« Des mots, des images et des idées pour aller se percher tout là-haut avec des livres remplis de fantaisie, d’esprit et de sens »  pourrait être la devise de la toute jeune maison d’édition Le Baron perché, crée en 2004, qui excelle littéralement dans la publication d’album de jeunesse. Tango a deux papas et pourquoi pas ? en est l’un des titres phares, mis à la disposition à partir du 25 Mars d’un public âgé de cinq ans et plus, ce conte innocent se révèle être un véritable outil pour parler de l’homoparentalité avec les tout-petits.  En effet, il n’est pas sans difficulté que d’expliquer à un enfant pourquoi son camarade de classe possède deux papas quant lui est entouré d’une mère et d’un père comme dans n’importe quel livre ou dessin animé …

L’histoire est en réalité inspirée d’un fait divers : en 2004 au zoo de Central Park, les newyorkais ont eut la grande surprise de suivre de près deux manchots mâles –inséparables depuis des années-  qui ont pu, grâce à la complicité d’un gardien, couver un œuf abandonné par les siens et élever un petit poussin femelle jusqu’à sa taille adulte, prénommée Tango. C’est dans cette célèbre institution animalière que Béatrice Boutignon, l’auteur et illustratrice de cet album, a choisi de nous projeter. Nous allons vivre la couvaison et la naissance de Tango à travers les yeux d’un petit garçon, nommé Marco. L’écriture est donc en conséquence : fluide, simple et éducative.

Les illustrations à l’aquarelle interviennent  alors comme un écho, dans un premier temps pour donner une représentation au texte et faciliter sa compréhension, mais aussi dans un second temps, pour permettre à l’enfant d’entretenir une complicité étroite avec l’album.  Ainsi, le lecteur va s’amuser à mettre le doigt sur les différents animaux décrits, et à observer les moindres détails.

D’ailleurs, la double page où les 28 pingouins mentionnés sont peints dans différentes situations  l’illustre parfaitement : « Devant moi, il y en cinq qui nagent, deux qui s’apprêtent à plonger, un qui se demande ce qu’il va faire et deux qui sortent de l’eau. » L’enfant va alors tenter de les reconnaître.

Ce jeune narrateur interroge sa mère, les soigneurs du zoo, et à chaque fois qu’un événement lui semble un peu différent, il ponctue ses observations d’un « C’est comme ça, et pourquoi pas ? ». Appliquée de manière graduée à des faits très divers tels que le fait d’aimer son chat, l’amitié entre animaux, les câlins du couple manchot, ou encore la paternité, ce leitmotiv est là pour relativiser.
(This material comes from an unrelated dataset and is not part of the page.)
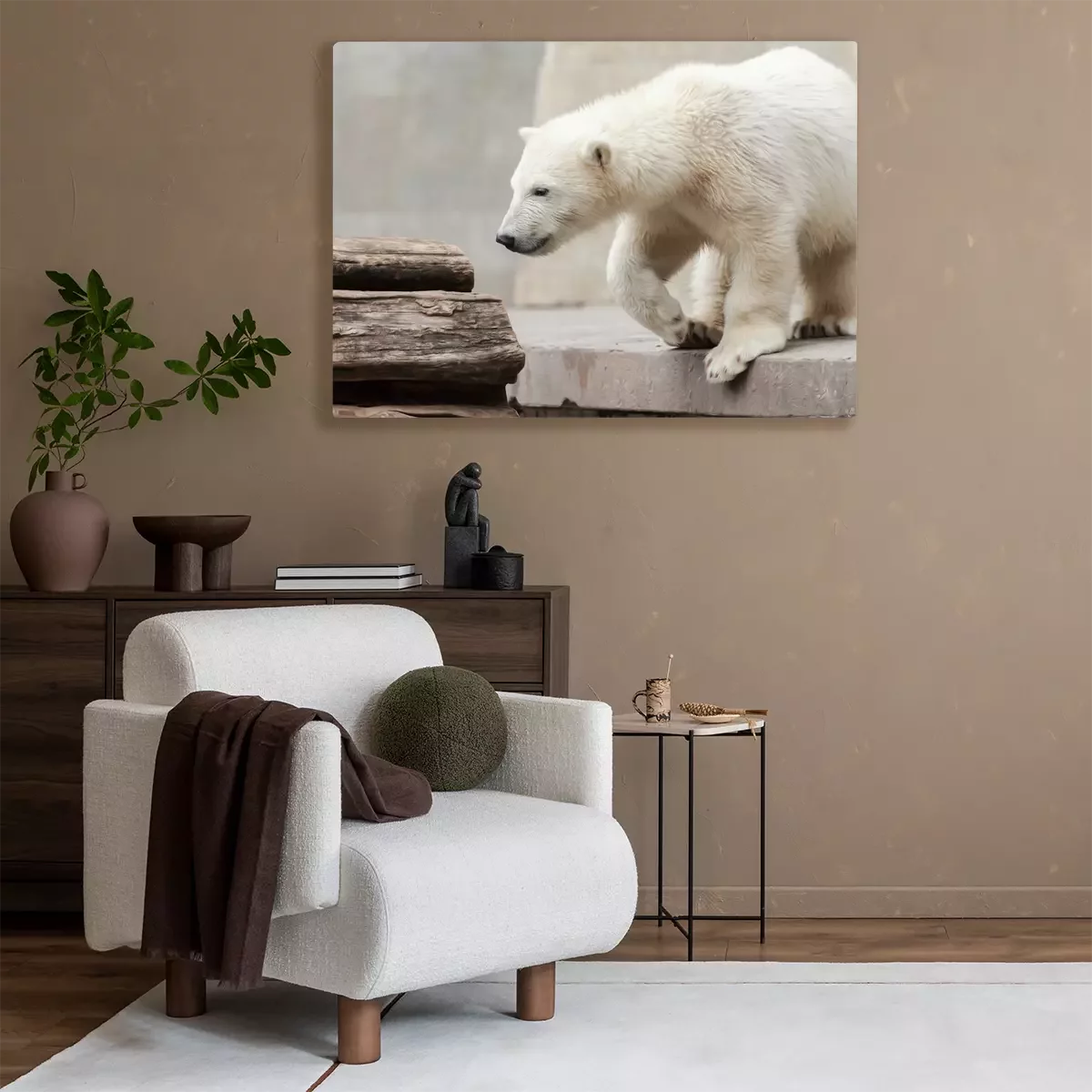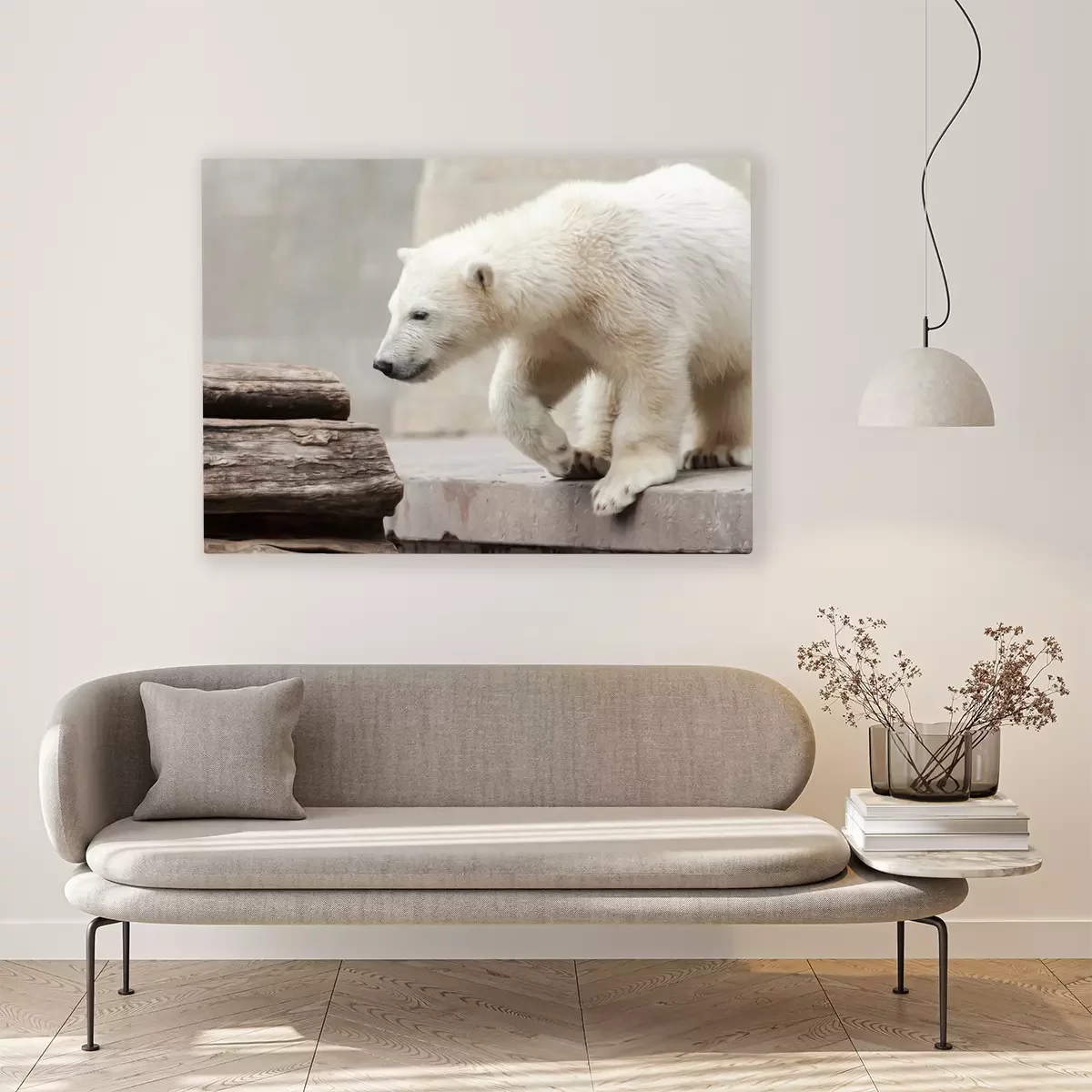 Tableau  Jeune ours polaire sur un tronc d'arbre

Il agit comme une protection contre toute polémique. Il signifie que la différence ne doit pas être perçue comme négative.

Publié une première fois en 2005 aux Etats-Unis sous le titre And Tango makes three, coécrit par Justin Richardson et Peter Parnell, l’ouvrage s’était en effet attiré les foudres d’une certaine censure. S’il affirme inconditionnellement l’importance de l’amour, l’album ne prend pas position ; il pointe des faits existants, postulant que la prévention de l’intolérance passe par la lutte contre l’ignorance.

Pourtant, celui-ci a été pour la seconde année consécutive intégré à la liste des livres les plus contestés dans les écoles publiques, mais également dans les bibliothèques, selon l’American Library Association. Fort heureusement, la démocratie française permet une liberté d’expression assurée.

Béatrice Boutignon a bel et bien réussi à familiariser l’enfant avec l’homosexualité et l’homoparentalité, et cela à travers  cet ouvrage très réussi dont la délicatesse avec laquelle il aborde ce sujet est exemplaire.

Les illustrations à l’aquarelle, pas toujours très flatteuses pour les humains, montrent de manière détaillée et sous toutes ses faces l’évolution physiologique d’un bébé manchot absolument craquant.